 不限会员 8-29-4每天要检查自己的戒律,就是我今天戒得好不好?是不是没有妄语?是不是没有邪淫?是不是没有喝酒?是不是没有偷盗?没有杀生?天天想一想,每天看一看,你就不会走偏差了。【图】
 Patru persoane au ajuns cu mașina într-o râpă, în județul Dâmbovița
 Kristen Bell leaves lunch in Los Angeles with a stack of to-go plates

---

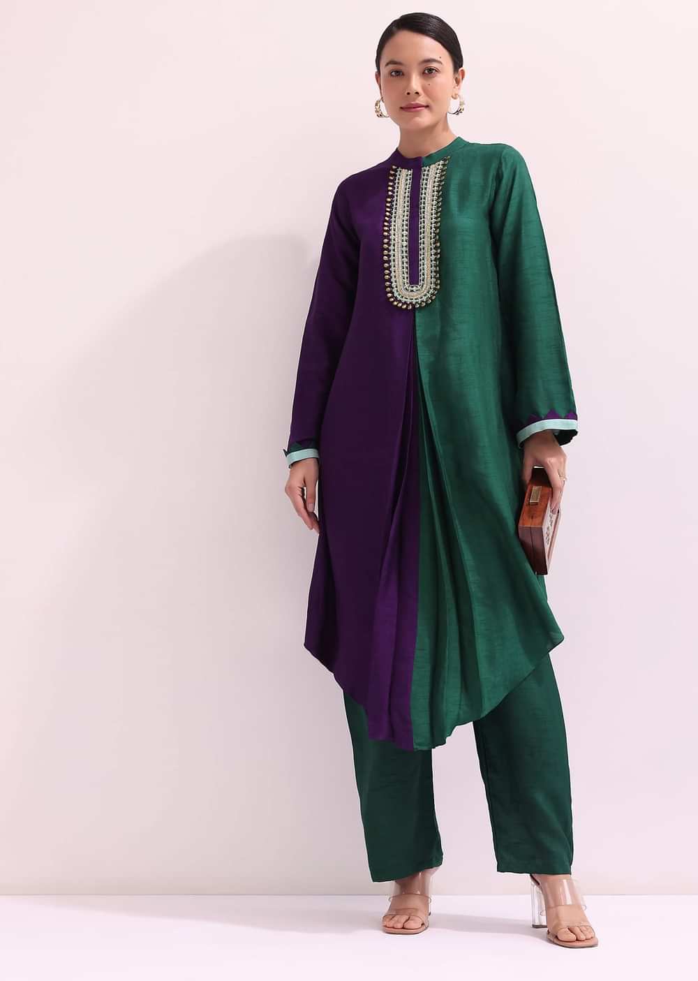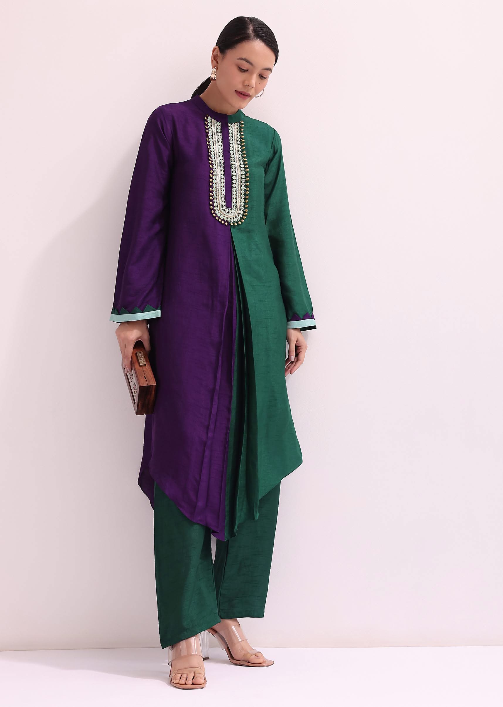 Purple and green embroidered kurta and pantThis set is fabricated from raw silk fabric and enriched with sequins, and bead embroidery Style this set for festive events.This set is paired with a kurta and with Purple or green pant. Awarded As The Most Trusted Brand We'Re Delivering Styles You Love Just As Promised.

▶ **TASK DESCRIPTION**:
Of the lines above, retype only those from the line containing "不限会员 8-29-4每天要" through the line containing "Kristen Bell leaves", including both, exactly.

▶ **SOLUTION FOR THIS EXERCISE**:
 不限会员 8-29-4每天要检查自己的戒律,就是我今天戒得好不好?是不是没有妄语?是不是没有邪淫?是不是没有喝酒?是不是没有偷盗?没有杀生?天天想一想,每天看一看,你就不会走偏差了。【图】
 Patru persoane au ajuns cu mașina într-o râpă, în județul Dâmbovița
 Kristen Bell leaves lunch in Los Angeles with a stack of to-go plates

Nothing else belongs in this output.